◆ The problem
Filter the entries that follow, copying every line in which the word "Петербурзі" appears.

◆ Data in this exercise
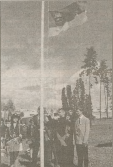
Выпускники славутичских школ 2001 года поднимают флаг города
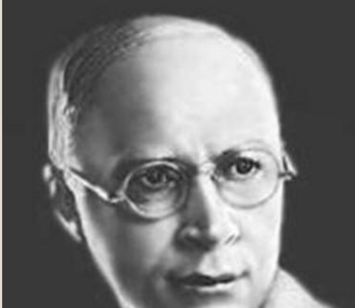
Сергей Сергеевич Прокофьев
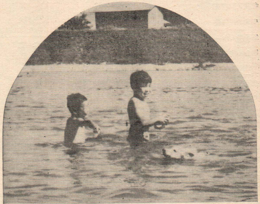
ワンチャンも水およぎ（長木川で）

この夏こそは、大人も子どもも楽しく過すため、子どもの水泳については十分気を配って欲しいものです。
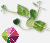
Salad Pea sehr feiner Erbsengeschmack
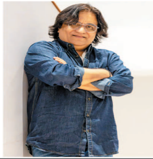
14 साल बाद शेखर सुमन की वापसी

अपने भावुक गीतों और दिल को छू लेने वाली धुनों के लिए मशहूर स्वानंद किरकिरे एक बार फिर अपने सबसे परदेवीद किंगडम सिंसेर यानी रोमांटिक म्यूजिक में लौट रहे हैं। मशहूर गीतकार और संगीतकार आले लखीने अपना नया लव सोन्ग 'अकेला' रिलीज करने जा रहे हैं। इसके साथ ही वह एक नई म्यूजिकल जर्नी की शुरुआत करेंगे, जिसमें वह हर महिने अपने यूट्यूब चैनल पर एक ऑरिजिनल गाना रिलीज करने का प्लान बना रहे हैं। नेशनल अकाॅडमी किनोटा स्वानंद इस साल पहले ही दो किंगडम रिलीज कर चुके हैं। स्वानंद का रोमांस से हरेखा खास रिश्ता रहा है। इन नए कदम के जरिए वह प्यार, कविता, सनीत और भावनाओं को और ज्यादा निजी और करीब से दर्शकों तक पहुंचाना चाहते हैं।
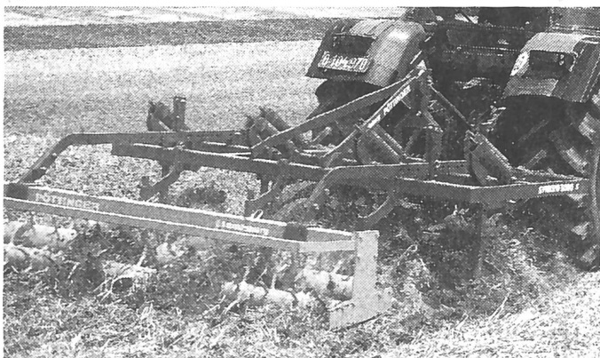
Pöttinger Synkro 3000 macht den Acker in einem Arbeitsgang saatsfertig.

mischen und ebnen vor dem Nachlaufgerät die Bodenoberfläche gleichmässig ein.
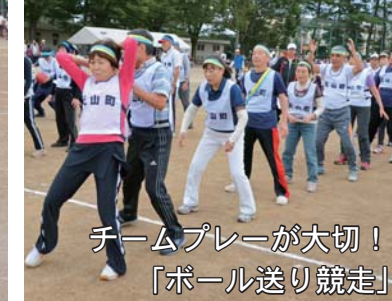
チームプレーが大切！ 「ボール送り競走」
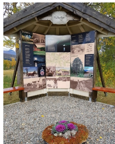
Kulturbua i Øverbygd.

Øverbygd Velforening har opparbeidet et fint parkområde på kommunens areal i Øverbygd sentrum. Velforeningen har et mål om at dette området ikke bare skal være en rasteplass, men også et sted hvor lokale og tilreisende kan få informasjon om, og bli eksponert for, lokal kultur og historie. Det vil også være informasjon om hvor man kan dra for å oppleve mer kultur og historie. De foreslår å flytte tre ulike minnesmerker som representerer ulike milepæler i Øverbygds historie, til denne parken.
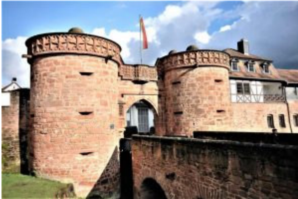
Ansicht des Jerusalemertores, von der Neustadt

Die Doppeltoranlage wurde 1503 im Zuge der Stadtmauer errichtet. Dieses imposante Bauwerk ist auch das Wahrzeichen von Büdingen und verbindet die Vorstadt mit der Altstadt. Nach einer Überlieferung brachte ein Sohn des Grafen, der auf einer Pilgerreise nach Jerusalem war, diesen Entwurf mit.
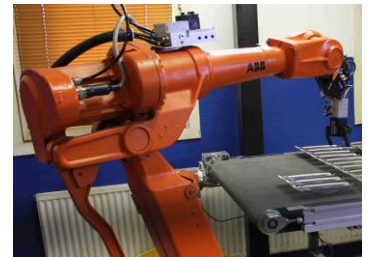
Exempel på layout av komplett cell.
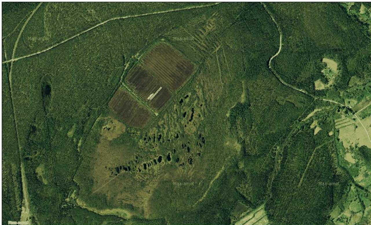
Joonis 1. Viru raba. Raba põhjaosas asuvad endised turbavõtukohad ning loodeosas jätkuvalt taimestumata endised freesturbaväljad. Keskmisel väljakul on heledama laiguna näha turbasambla külvi katselapid. Üle raba kulgeb õpperada.

keskkonnale, märgalade taastamist jms. Pikemas perspektiivis vajab analüüsimist Viru raba servaaladele kaevatud väiksemate kraavide mõju ja sulgemise vajadus. Külastust ja sõidukiga liiklemist reguleeritakse kaitse-eeskirja ning kaitsekorralduskavaga. Selleks, et tingimusi järgitaks, on vajalik teavitust ja järelevalvet.
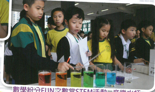
數學紛分FUN之數常STEM活動-音樂水杯
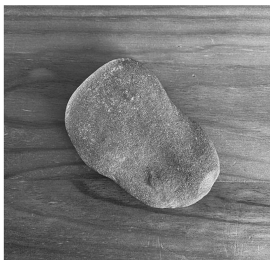
FIG. 3 – Seixo grauvaque de tocador de pedrinhas
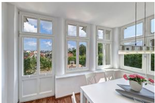
Essplatz in verglaster Veranda

Schicke 4-Zimmer-Wohnung mit Veranda und Terrasse - mit schönem weitem Blick! Die Wohnung ist elegant im Altbau-Stil eingerichtet und komfortabel ausgestattet. Sie wurde 2016 komplett renoviert mit Fußbodenheizung. Die Wohnung verfügt über drei separate Schlafzimmer, jeweils mit zugehörigem ensuite-Bad, Wohnzimmer mit Küchenzeile und Essplatz in der Veranda. Von den drei Bädern sind zwei Duschbäder und eines ein Whirlpool. Die Wohnung verfügt weiter über einen Eingangsflur mit Garderobe. Aus der Veranda gelangt man auf die möblierte Terrasse und in den Garten. Ein Pkw-Stellplatz ist inklusive, ein zweiter Parkplatz kann hinzugemietet werden. Die Villa Margarete steht etwas erhöht in der Bergstrasse, wodurch sich ein schöner Blick ergibt. Die Wohnung befindet sich im EG, etwa 300m zur Strandpromenade. Zum Ortszentrum und der bekannten Ahlbecker Seebücke sind es ca. 8-10 Minuten zu Fuß.
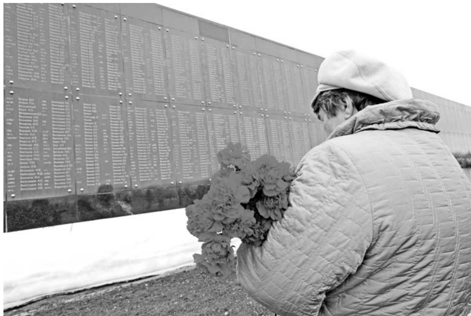
Склоняя голову перед бессмертием героев... Минута молчания у мемориальной стены.
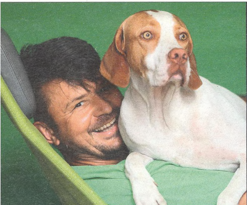
VÁCLAV JIRÁSEK fotograf

„Lidé pohanství vnímají jako jakýsi návrat domů, jako něco, co tady bylo vždycky a my to jen znovu objevujeme.“
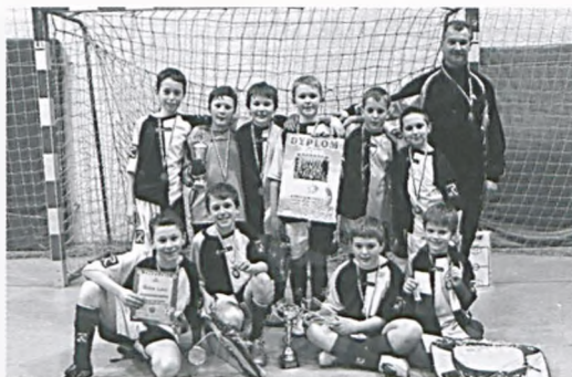
Orliki Stelli Luboń z medalami i pucharami
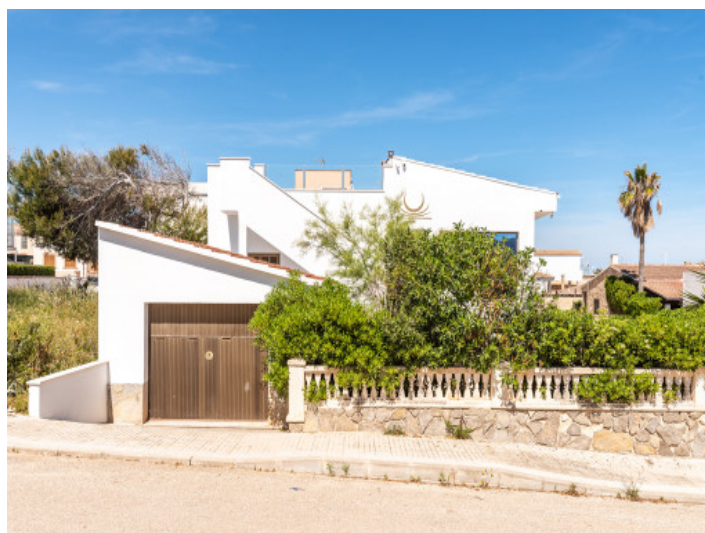
Hausansicht von der Straße
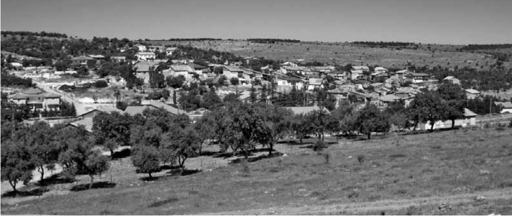
Res. 1: Anar Köyü'nün güneybatıdan görünümü (Foto: İsmail Kaygusuz).
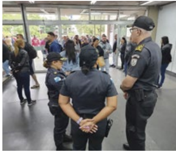
PM faz operação contra fraude em concurso da corporação no RJ

O processo seletivo do concurso de soldados da Polícia Militar do Rio será retomado pela Fundação Getúlio Vargas. A autorização da contratação foi publicada na sexta-feira (1º) no Diário Oficial.
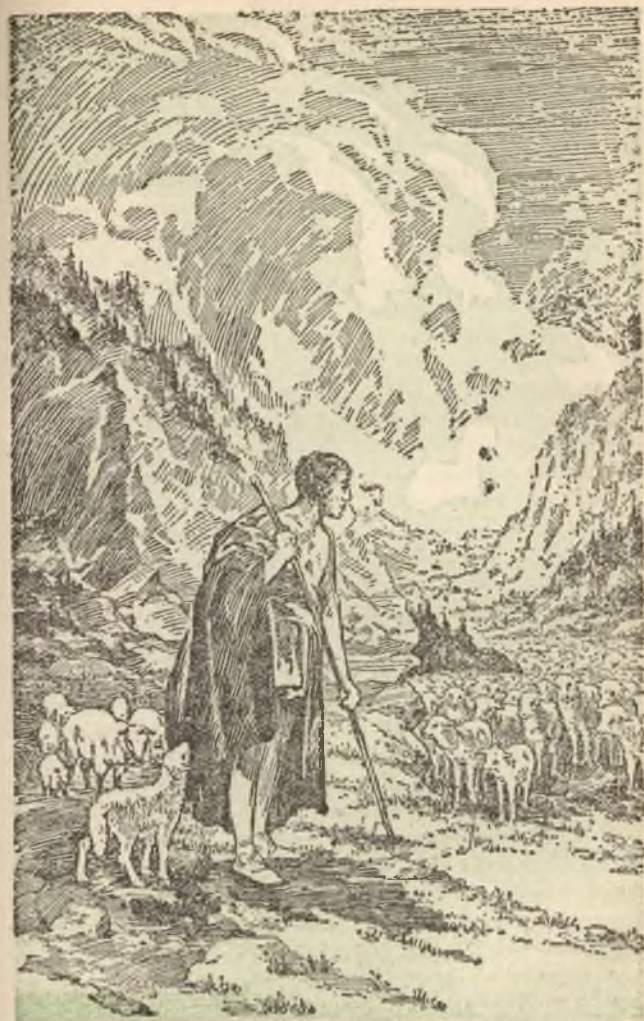
De „kleine Kudde” en de „andere Schapen”
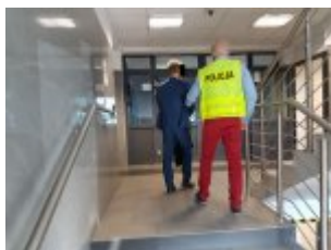
Mężczyzna podejrzany o oszustwo
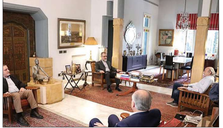
لقاء جنبلات ووفد الحزب

الشرق - استقبل الرئيس السابق للحزب التقدمي الاشتراكي وليد جنبلاط، في كليمنصو، وفداً من حزب الله ضم كل من المعاون السياسي لأمين عام حزب الله حسين الخليل ومسؤول وحدة الإرتباط والتنسيق وفتوح صفا، بحضور النائبين وائل أبو فاعور وهادي أبو الحسن. وقد جرى خلال اللقاء البحث في آخر المستجدات السياسية المحلية والإقليمية، لا سيما التطورات الميدانية في الجنوب واستمرار العدوان الإسرائيلي على لبنان كما تم البحث في أزمة النزوح السوري وكيفية الوصول إلى موقف لبناني موحد من هذه الأزمة، وكانت مناسبة لإطلاع وفد الحزب على الورقة التي أعدها الحزب التقدمي الاشتراكي بهذا الخصوص والتي تتضمن أفكاراً عملية محددة ستعرض على مختلف القوى السياسية اعتباراً من الأسبوع المقبل.
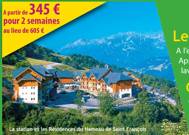
La station et les Résidences du Hameau de Saint François

A partir de 345 € pour 2 semaines au lieu de 605 €
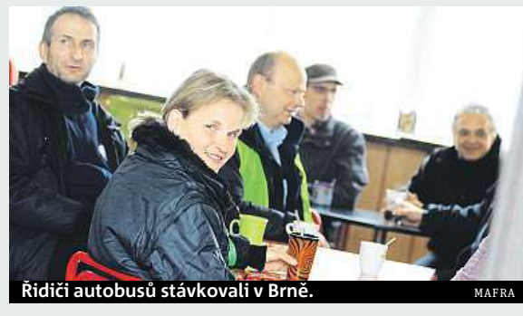
Řidiči autobusů stávkovali v Brně.

Prezident Miloš Zeman na své návštěvě středočeského kraje v Úhličkách řekl, že kardinál Miloslav Vlk porušil slova svého předchůdce kardinála Františka Tomáška, že restituce skončily rokem 1991 a církev už žádný další majetek nebude požadovat. Zeman tak vysvětloval svou neúčast na pohřbu Vlka, který byl zastáncem církevních restitucí. Pražské arcibiskupství se ohradilo. Nic takového prý Tomášek netvrdil a Zeman lže.
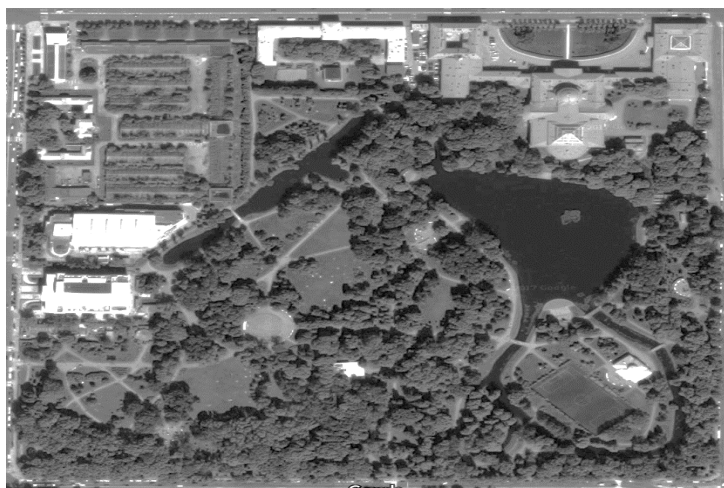
Рис. 2. Супутниковий знімок Таврійського парку в Санкт-Петербурзі.

живописний пейзаж відкривався з вікон палацу, а з іншого – щоб з деяких віддалених куточків парку було видно палац у всій красі або інші будівлі, що живописно відбиваються на поверхні водойми, створюючи локальні композиційні вузли. Самі водойми обов'язково присутні у парку. Їх площа залежала від площі парку та доступності водного ресурсу. В Санкт-Петербурзі вона
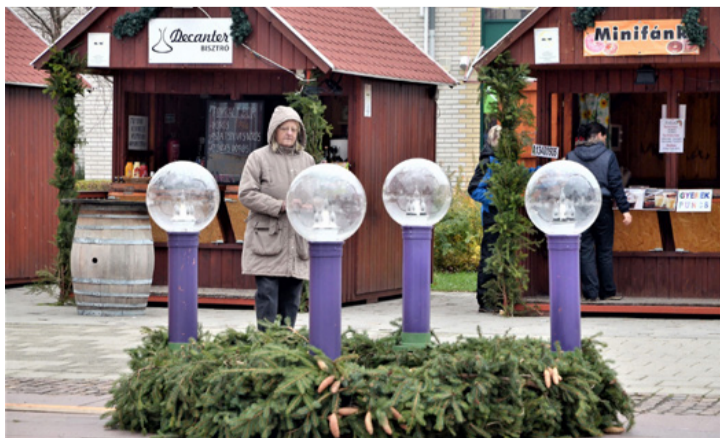
Még várják a tömeges érdeklődést

Az ünnepek közeledtét már napok óta jelzi a térre ismét felállított rénszarvas a szánon utazó Mikulással, a rénszarvas
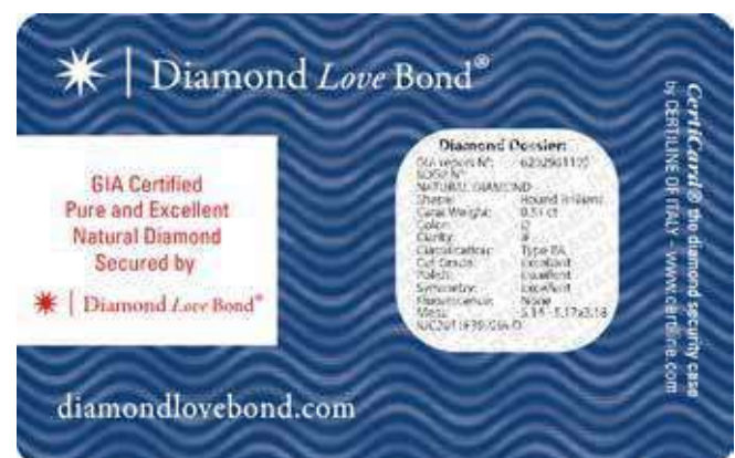
Scheda inferiore a sigillo chiusa con CERTISTOP® applicato
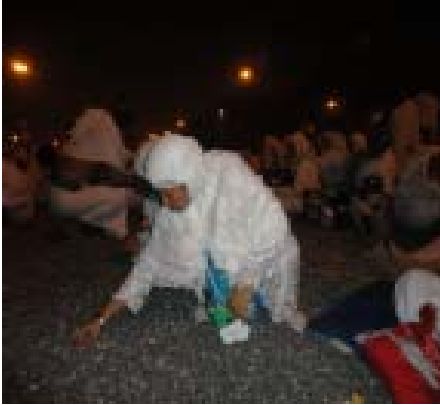
7. Mengutip Batu di Muzdalifah
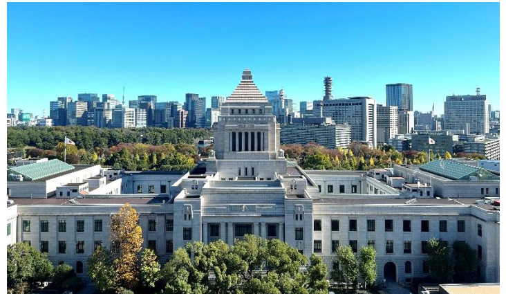
議員会館から撮影した国会議事堂

新たな賛同署名を取り組むために、事前学習会を行い、約40人を8班に編成し160名を越す衆参国会議員への要請がスタートしました。(闘争本部トンネル新賛同署名・号外より)
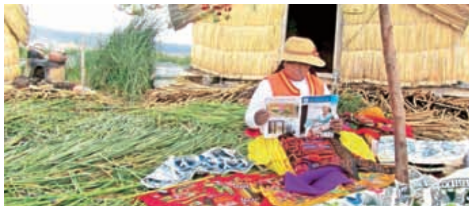
Sotočje očitno seže tudi daleč čez občinske meje. Dokaz za to je fotografija, na kateri ga prebira prebivalka vasi v Peruju. M. B.
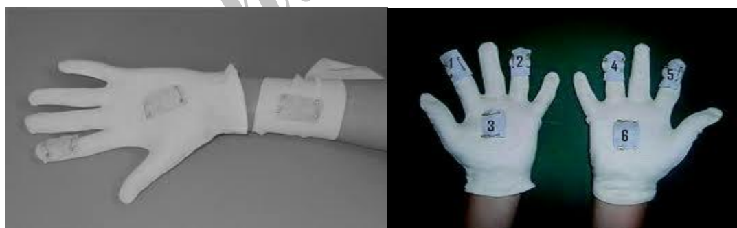
شکل ۴- نمونه‌برداری پیچ

هدف نمونه‌برداری پیچ تخمین مقدار موادی است که روی لباس، پوست و لایه‌های خارجی لباس جایگزین شده‌اند. نمونه‌برداری پیچ یک روش غیرفعال به حساب می‌آید قصد آن جمع‌آوری تمام مواد مورد نظر در طول دوره مواجهه است (شکل ۴). در پایان دوره نمونه‌برداری، وصله‌ها از روی لباس برداشته و در یک کیسه پلاستیکی یا شیشه‌ای بسته شده قرار می‌گیرد. نمونه می‌بایست تا انتقال به آزمایشگاه روی یخ نگهداری گردد (۴۶).

◆ Task solution
Рис. 2. Супутниковий знімок Таврійського парку в Санкт-Петербурзі.
живописний пейзаж відкривався з вікон палацу, а з іншого – щоб з деяких віддалених куточків парку було видно палац у всій красі або інші будівлі, що живописно відбиваються на поверхні водойми, створюючи локальні композиційні вузли. Самі водойми обов'язково присутні у парку. Їх площа залежала від площі парку та доступності водного ресурсу. В Санкт-Петербурзі вона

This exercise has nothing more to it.